Шрифт:
Интервал:
Закладка:
— Они всех нас перебьют оттуда, сверху! Пропали мы! — вопил какой-то штатский, белый как полотно.
Стрельба со стороны села усилилась, но расстояние было слишком велико и пули ложились низко, рассеивались по склонам ущелья.
Спешившиеся кавалеристы тоже заняли позицию на дороге и застрочили из пулемета. Ободренные добровольцы немного успокоились. По приказу офицера команда была разделена на два взвода. Один, в котором был Костадин, сразу же поднялся. Лндон повел его на холм. Цепляясь за низкие кустарники и ожидая каждую секунду, что сверху по ним будет открыт огонь, добровольцы быстро взобрались на высокое голое плоскогорье, откуда открывалось все село. На его улицах не было видно ни одной живой души. Только на площади в тени большого дерева отчаянно ревел осел да лаяли собаки. На крыше общинного управления развевалось красное знамя.
Рассыпавшись цепью, шумно дыша и обливаясь потом, добровольцы залегли на краю плоскогорья и открыли огонь по селу. Стреляли кто куда. С высоты было видно, как наступает на фланге села кавалерийский взвод и как добровольцы второго взвода, перебегая от межи к меже, продвигаются по противоположному склону.
«Та-та-та-та-та!» — весело застрочил пулемет. «Та-та — та-та!» — отвечало ущелье.
— Ура-а-а! — кричали продвинувшиеся вперед добровольцы. «А-а-а!» — подхватывали горы, и там, среди их синего мирного спокойствия, где затихали звуки битвы, неслось глухое ворчание и ропот.
Костадин все время целился в одну и ту же точку букового леса над селом, медленно наводил на нее мушку, и при каждом выстреле карабина ему больно отдавало в плечо. Ошарашенный завязавшейся перестрелкой да и вообще неожиданностью происходящего, он чувствовал себя как человек, попавший в водоворот. Сопротивление крестьян его удивляло и все больше озлобляло. Он почему — то вспоминал первые перестрелки с румынскими и русскими разъездами в Добрудже, в которых участвовал перед тем, как его отправили в тыл. По временам его охватывало жгучее любопытство: чем же все это кончится?
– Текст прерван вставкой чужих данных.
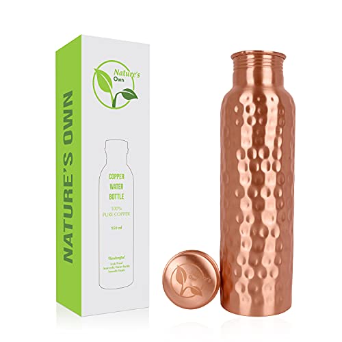 Nature's Own Hammered Copper Water Bottle 1000 ml Water Capacity - Leak Proof Handmade Thermos Flask Ayurveda Water Bottle Limited Stock

Еще не успев расстрелять первую обойму, лежавший слева от него доброволец вдруг крикнул что-то, указывая пальцем на другой край плато. В огромной впадине меж горных склонов к селу стремительно скакал развернутый для атаки эскадрон. Под косыми лучами солнца сабли кавалеристов сверкали короткими молниями. Следя за их движением, Костадин заметил небольшое строение среди верб на берегу речки, протекавшей у нижнего края села, и тотчас же слух его различил частую стрельбу, доносившуюся оттуда. Эскадрон сразу же повернул обратно и разделился на два отряда. Из леса над селом мятежники стреляли залпами, но минут десять спустя огонь стал реже, а на улочках и за плетнями домов показались бегущие люди. На опушке леса появился человек, что-то крикнул и, выстрелив, исчез, перебежав на другую сторону склона. Даже невооруженным глазом было видно, что мятежники начинают отходить к горам, не дожидаясь, пока кавалеристы отрежут им путь.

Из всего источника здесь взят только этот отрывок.